Uttering the word “blockchain” within the technology sector will not cause fellow employees to bat an eye, instead they will probably start to delve into a deep discussion on this buzzing topic. That said, trying to discuss blockchain with the average worker in most other industries often elicits irritation and confusion. Many people are intimidated by the emerging concept, including those in the waste and recycling industries. However, some innovative businesses are finding ways to incorporate the technology so as to improve business operating efficiency and security, whilst also improving waste diversion rates.

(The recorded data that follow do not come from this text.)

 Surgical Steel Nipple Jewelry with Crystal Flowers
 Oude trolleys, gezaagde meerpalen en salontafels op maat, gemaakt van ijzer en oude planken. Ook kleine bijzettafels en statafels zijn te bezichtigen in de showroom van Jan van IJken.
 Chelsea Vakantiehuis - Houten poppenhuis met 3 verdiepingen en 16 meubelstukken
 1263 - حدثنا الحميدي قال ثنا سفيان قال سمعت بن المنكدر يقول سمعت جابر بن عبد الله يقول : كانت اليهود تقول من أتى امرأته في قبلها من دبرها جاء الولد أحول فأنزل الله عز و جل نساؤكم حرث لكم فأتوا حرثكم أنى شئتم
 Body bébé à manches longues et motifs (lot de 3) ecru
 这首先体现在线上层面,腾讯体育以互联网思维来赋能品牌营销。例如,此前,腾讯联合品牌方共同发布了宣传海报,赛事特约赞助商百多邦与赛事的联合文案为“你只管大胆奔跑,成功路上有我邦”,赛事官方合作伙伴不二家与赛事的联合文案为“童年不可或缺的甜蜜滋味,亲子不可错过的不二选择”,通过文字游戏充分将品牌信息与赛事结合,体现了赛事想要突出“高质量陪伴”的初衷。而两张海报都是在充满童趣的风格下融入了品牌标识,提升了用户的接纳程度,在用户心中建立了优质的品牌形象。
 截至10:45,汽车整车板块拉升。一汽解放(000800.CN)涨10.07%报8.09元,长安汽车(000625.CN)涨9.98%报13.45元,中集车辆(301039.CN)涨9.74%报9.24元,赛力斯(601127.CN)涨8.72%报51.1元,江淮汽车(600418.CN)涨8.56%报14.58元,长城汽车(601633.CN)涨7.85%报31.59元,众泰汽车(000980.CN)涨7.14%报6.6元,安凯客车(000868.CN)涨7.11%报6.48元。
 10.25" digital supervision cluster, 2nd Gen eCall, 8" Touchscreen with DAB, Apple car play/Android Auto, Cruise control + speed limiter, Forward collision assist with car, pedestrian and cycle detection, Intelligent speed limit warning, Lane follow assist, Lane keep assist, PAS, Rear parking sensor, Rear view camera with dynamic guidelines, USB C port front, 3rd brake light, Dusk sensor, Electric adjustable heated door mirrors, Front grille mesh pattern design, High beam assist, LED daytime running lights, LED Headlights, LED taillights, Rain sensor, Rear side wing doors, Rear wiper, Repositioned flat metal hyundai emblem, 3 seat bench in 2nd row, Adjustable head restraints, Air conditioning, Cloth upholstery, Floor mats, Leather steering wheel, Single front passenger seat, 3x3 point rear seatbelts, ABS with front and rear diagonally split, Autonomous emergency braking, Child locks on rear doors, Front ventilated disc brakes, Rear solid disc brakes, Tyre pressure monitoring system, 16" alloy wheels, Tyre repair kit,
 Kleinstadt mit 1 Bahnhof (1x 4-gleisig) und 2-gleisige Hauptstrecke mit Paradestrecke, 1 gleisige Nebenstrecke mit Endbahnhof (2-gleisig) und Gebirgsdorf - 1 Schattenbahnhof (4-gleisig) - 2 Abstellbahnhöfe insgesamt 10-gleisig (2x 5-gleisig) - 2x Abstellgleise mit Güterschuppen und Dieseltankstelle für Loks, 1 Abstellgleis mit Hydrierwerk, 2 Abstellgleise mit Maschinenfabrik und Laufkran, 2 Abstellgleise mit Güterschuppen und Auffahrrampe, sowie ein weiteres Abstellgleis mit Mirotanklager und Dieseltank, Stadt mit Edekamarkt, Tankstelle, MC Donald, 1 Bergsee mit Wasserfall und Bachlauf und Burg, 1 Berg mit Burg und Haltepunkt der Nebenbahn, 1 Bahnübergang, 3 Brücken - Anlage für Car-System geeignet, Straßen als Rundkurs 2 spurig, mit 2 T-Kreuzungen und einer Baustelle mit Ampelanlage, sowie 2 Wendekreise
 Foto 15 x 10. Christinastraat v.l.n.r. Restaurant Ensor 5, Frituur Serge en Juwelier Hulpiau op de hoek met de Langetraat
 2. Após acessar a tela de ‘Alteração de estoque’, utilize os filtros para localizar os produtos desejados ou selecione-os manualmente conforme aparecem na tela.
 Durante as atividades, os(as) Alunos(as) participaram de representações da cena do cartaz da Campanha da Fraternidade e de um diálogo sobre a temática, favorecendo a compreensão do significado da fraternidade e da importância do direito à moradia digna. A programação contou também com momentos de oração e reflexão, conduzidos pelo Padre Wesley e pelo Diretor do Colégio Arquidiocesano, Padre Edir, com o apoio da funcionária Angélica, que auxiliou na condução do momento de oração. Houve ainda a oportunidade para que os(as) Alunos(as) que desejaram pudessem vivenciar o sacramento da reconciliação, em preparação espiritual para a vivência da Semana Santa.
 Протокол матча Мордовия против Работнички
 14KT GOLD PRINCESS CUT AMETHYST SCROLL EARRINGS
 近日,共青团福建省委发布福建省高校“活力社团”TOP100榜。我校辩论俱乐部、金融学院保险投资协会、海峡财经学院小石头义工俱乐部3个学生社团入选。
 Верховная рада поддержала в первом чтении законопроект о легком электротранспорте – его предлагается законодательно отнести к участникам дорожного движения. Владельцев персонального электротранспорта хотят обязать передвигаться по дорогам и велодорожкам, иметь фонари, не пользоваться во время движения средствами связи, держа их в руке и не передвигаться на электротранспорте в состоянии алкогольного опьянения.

Although blockchain has not yet achieved mainstream status, its uses are growing exponentially. An International Data Corporation forecast predicts global spending on blockchain services will experience an 80% compound annual growth rate (CAGR) by 2021, and the number of developers and consultants in the field will grow tenfold in that time. Every global industry is expected to adopt blockchain to varying degrees over the next decade, including the waste and recycling sectors.


How Does Blockchain Work

Blockchain is a decentralised, digital record storage system used for transactions between two parties, comprised of encrypted records, called “blocks.” The blocks are sent to a peer-to-peer network consisting of many computers instead of a single storage point, and people called “miners” use algorithms to verify the records. Once they are verified, the blocks are combined with other transactions in a growing list that forms a digital chain, hence the name “blockchain.” The encrypted blocks cannot be altered after they are verified and new blocks must be added if any changes are made to the original transaction. 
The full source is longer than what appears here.